*** Block opens ***

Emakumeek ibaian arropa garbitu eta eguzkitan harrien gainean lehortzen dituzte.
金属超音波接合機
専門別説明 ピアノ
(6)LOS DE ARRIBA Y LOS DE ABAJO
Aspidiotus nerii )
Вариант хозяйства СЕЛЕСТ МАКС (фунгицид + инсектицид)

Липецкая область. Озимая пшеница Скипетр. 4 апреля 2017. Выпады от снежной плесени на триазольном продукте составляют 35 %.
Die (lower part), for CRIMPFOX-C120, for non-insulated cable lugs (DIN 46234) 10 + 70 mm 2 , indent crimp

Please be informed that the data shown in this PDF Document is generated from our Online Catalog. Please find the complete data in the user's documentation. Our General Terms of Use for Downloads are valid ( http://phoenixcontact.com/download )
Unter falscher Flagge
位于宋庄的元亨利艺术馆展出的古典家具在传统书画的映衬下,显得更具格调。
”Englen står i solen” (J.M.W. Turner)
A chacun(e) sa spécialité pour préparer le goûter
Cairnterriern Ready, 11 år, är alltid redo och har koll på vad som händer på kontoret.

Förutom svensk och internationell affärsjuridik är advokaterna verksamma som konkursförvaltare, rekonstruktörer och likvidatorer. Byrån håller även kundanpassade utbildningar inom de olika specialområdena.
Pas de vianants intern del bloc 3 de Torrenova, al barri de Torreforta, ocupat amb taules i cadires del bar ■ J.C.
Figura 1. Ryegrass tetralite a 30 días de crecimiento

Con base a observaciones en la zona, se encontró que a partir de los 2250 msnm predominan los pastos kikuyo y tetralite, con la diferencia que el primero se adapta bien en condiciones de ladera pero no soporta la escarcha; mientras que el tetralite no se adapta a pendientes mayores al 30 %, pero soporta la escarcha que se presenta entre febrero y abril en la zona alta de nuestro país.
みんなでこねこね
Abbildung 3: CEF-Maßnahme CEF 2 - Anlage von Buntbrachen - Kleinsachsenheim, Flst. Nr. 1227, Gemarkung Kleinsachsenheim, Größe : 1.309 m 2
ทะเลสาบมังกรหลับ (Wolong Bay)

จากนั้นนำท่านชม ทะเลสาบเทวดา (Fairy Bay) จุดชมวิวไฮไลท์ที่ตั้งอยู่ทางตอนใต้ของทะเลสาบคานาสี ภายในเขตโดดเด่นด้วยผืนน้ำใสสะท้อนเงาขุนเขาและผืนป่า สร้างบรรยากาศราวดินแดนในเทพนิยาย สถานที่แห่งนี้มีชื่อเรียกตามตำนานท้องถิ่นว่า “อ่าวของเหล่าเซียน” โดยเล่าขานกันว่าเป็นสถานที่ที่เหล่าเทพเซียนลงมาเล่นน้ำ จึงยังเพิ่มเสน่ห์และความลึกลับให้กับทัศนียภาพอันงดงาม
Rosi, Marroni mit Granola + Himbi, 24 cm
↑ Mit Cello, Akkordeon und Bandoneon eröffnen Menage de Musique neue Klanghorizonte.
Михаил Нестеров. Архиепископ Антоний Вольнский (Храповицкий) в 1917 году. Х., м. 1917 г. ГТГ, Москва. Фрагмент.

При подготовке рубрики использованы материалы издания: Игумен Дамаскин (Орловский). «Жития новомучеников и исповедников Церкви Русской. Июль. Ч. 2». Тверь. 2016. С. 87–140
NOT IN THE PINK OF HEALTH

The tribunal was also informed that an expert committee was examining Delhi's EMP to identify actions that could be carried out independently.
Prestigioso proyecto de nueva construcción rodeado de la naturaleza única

*** Block closes ***
*** Block opens ***

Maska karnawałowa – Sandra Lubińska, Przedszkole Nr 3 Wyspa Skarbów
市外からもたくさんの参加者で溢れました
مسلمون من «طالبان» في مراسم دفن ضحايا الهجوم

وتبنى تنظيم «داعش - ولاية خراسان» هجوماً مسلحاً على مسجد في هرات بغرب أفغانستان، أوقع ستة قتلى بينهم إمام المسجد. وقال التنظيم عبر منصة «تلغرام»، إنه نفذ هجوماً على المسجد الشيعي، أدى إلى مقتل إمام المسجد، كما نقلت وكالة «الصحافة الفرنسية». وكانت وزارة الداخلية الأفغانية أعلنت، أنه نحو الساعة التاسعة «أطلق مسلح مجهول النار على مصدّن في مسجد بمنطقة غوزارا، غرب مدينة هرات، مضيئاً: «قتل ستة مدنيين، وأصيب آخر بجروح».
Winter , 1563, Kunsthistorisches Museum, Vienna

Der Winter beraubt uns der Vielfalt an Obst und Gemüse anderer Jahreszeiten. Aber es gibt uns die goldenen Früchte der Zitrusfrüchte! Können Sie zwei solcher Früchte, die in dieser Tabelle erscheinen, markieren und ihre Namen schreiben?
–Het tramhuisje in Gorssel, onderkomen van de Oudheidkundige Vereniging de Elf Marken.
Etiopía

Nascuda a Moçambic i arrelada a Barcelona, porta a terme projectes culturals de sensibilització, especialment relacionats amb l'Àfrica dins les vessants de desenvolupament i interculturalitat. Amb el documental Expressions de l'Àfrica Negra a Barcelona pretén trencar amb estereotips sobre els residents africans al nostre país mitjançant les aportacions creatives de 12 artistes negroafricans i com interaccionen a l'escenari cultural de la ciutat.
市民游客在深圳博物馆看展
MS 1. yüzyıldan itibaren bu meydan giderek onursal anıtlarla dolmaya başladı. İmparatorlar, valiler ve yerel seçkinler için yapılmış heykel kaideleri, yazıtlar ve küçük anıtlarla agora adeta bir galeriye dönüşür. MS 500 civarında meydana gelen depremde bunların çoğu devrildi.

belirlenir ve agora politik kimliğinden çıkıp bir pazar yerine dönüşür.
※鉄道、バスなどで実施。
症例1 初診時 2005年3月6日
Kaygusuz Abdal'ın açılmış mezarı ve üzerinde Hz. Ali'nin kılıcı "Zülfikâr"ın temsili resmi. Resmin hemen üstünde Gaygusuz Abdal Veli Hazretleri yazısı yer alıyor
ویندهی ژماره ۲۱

*** Block closes ***

» Exercise details: Your task for the entries above: copy exactly the span starting with the line with "Con base a observaciones" and going on through the line with "ทะเลสาบมังกรหลับ (Wolong Bay)", both lines included, and nothing else.

» Result for this exercise:
Con base a observaciones en la zona, se encontró que a partir de los 2250 msnm predominan los pastos kikuyo y tetralite, con la diferencia que el primero se adapta bien en condiciones de ladera pero no soporta la escarcha; mientras que el tetralite no se adapta a pendientes mayores al 30 %, pero soporta la escarcha que se presenta entre febrero y abril en la zona alta de nuestro país.
みんなでこねこね
Abbildung 3: CEF-Maßnahme CEF 2 - Anlage von Buntbrachen - Kleinsachsenheim, Flst. Nr. 1227, Gemarkung Kleinsachsenheim, Größe : 1.309 m 2
ทะเลสาบมังกรหลับ (Wolong Bay)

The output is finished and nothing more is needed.